Van Damme’s filmography, while not thoroughly cleared through by myself, is far more fascinating than almost of his action star contemporaries that became big in the eighties, working with legendary Asian action directors like Hark and John Woo, able to suddenly star in, and act his heart out within, an abstract meta-film on himself in his home country of Belgium called JCVD (2008), and make utterly insane films like this. It is impossible to take the film seriously, and despite the negative lambasting it still gets now, this film was clearly designed to be as ridiculous as possible. That it has a serious strand to it, of Stavros having a justifiable reason to hate Quinn, fleshed as much as possible in this goofy film by having Rourke act in your film in any role, just adds a peculiar dark edge to a film that is full of elaborate tangents that are completely unexpected every time. The aesthetics of Hong Kong cinema, in its elaborate and complicated set pieces, is brought here with an even more comic book-like logic to everything that takes place.

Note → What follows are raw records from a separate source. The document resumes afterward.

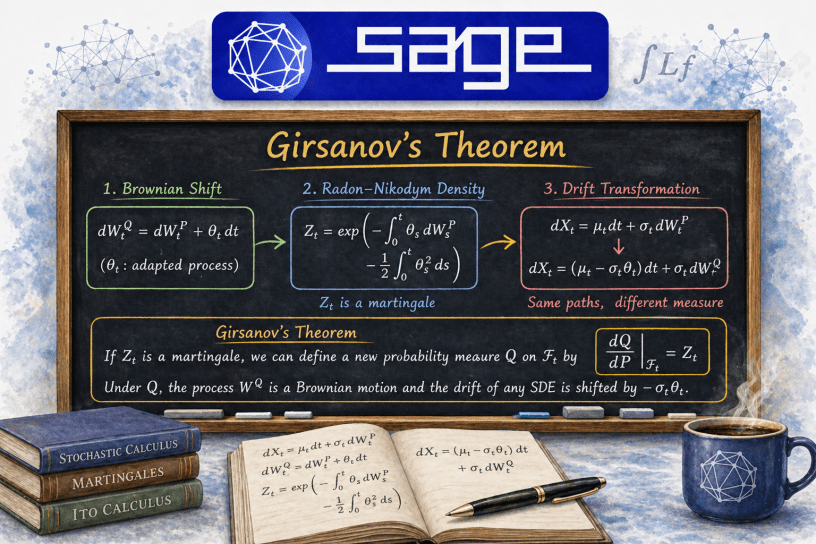 In the previous blogs we taught SageMath how to represent stochastic differential equations (as a data class), apply Ito’s lemma (as part of our Ito package), derive infinitesimal generators, and connect those generators to the Kolmogorov equations. We also introduced exponential martingales in the previous blog, and now, in this blog, that implementation will become useful because Girsanov’s theorem tells us how to change probability measure by reweighting paths, and in doing so, how to rewrite the drift of an SDE while leaving its diffusion term unchanged.
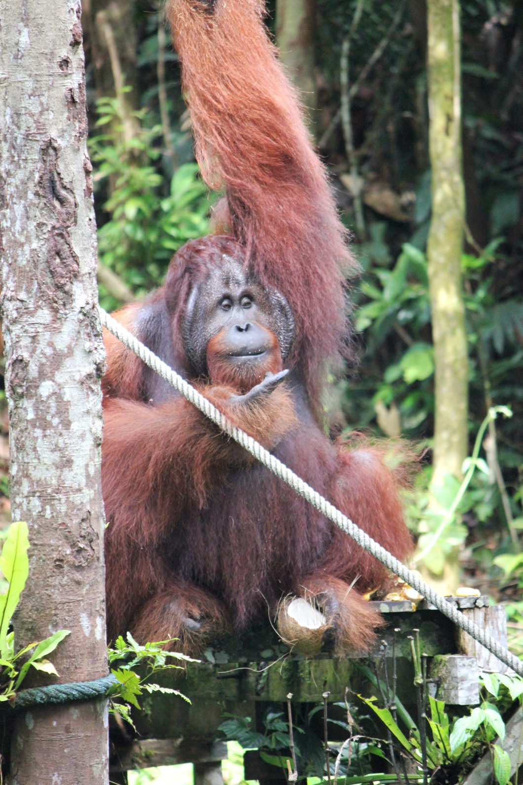 The orangutan swings down to where the fruit has been placed by the rangers and sways above it. A ranger walks over, confident but cautious, and the orangutan’s hand reaches out, maybe three meters above the fruit, waiting. The ranger knows the drill, and tosses a bunch of bananas up, which the orangutan catches and immediately starts devouring, one by one. They are tiny bananas, the kinds you can eat in a single bite. He twists one off, peels it, then smashes it into his mouth whole, pretty much the same way you do, except your wife tells you it gives her indigestion to watch you eat like that, but when an orangutan does it it’s “natural.” He drops the skins casually to the ground. When he’s done with the whole bunch – maybe 25 bananas – he reaches down again, and a durian chunk is thrown up to his waiting hand. He lifts it to his mouth and takes a bite, the something falls out of his mouth and hits the wood below with a ping. This is repeated for every giant durian seed, and you long to have one as a souvenir to give to your niece and nephew. “Here’s a durian seed,” you would say. “It’s a fruit that smells like vomit and is banned from most hotels in Southeast Asia. An orangutan spit it out, and I grabbed it for you.” They’re young, and you’d be a hero. But you can’t go and get one, so you take pictures.
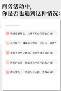 具体到宴请、洽谈、递名片、着装、发型等细节
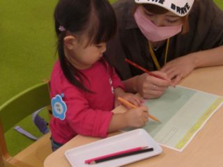 今回は『描く』ことに興味を持ってもらえるよう、お絵かきの活動を行いました。
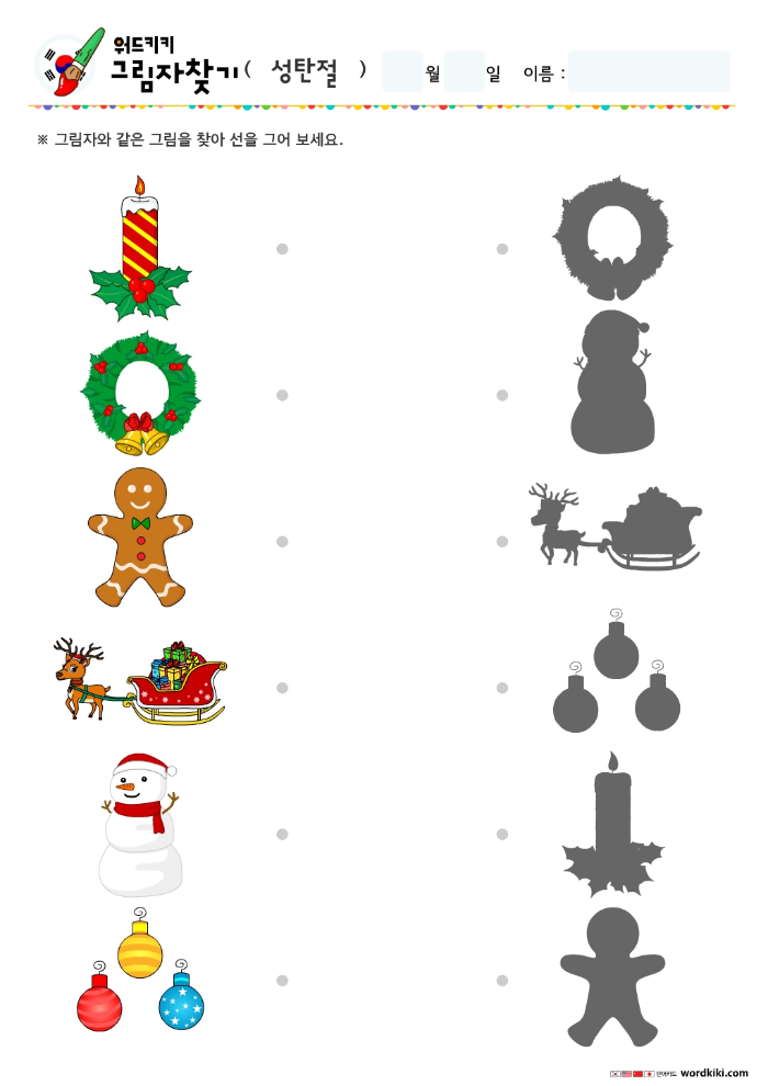 한글크리스마스그림자찾기/무료프린트학습지/엄마표활동지/어린이활동지/유아한글단어/크리스마스그림자연결하기/엄마표한글학습/홈스쿨자료크리스마스

From http://i4.minus.com/iblvPqLdpNYdEX.png

Van Damme does well, and despite being a little lost at first onscreen, Dennis Rodman at least has the visual appearance and charisma to really get into the swing of the film by its later action scenes. Even his puns based on basketball seem to have a cheesy coolness to them that is far from abhorrent. The aspect that makes Double Team work even more and makes its absurdity more distinct is Hark’s direction, very solid and made with great skill, using the camera movements and visual images to heighten the action and the lunacy. Knock Off (1998) would go even further in its experimenting – including a first person of a foot going into a shoe – but it’s easy to tell how talented Hark is even if his films I’ve seen aren’t always the best. I won’t spoil anything in the film as everyone who hasn’t seen it should go into it cold, so that the effects of the abrupt moments stand out more when you see them. It is amazing how tarnished it is even more so for me on this rewatch. It is insane, silly and comedic both intentionally and not, but far from mindless garbage when it has great action and fight scenes, looks great compared to films from the era like Double Dragon (1994) that, while I enjoy wholeheartedly, are a day-glo mess, and is trying as hard as possible to entertain the viewer. There is a sense that, not only was this not viewed within its own bubblegumish context back then, but that even now films like it don’t have the legacies of Rambo: First Blood Part II (1985) and its ilk, and have to deal with an internet culture that is far too hipsterish and ironic to view films like Double Team as sincerely ridiculous, especially when the films that are praised are self mocking or taking themselves too seriously. Thankfully people do love this sort of cinema too, and I won’t take back how much I love this film as well. I won’t call it a guilty pleasure either; I enjoy this film as a well crafted and great piece of cinematic bright coloured cinema.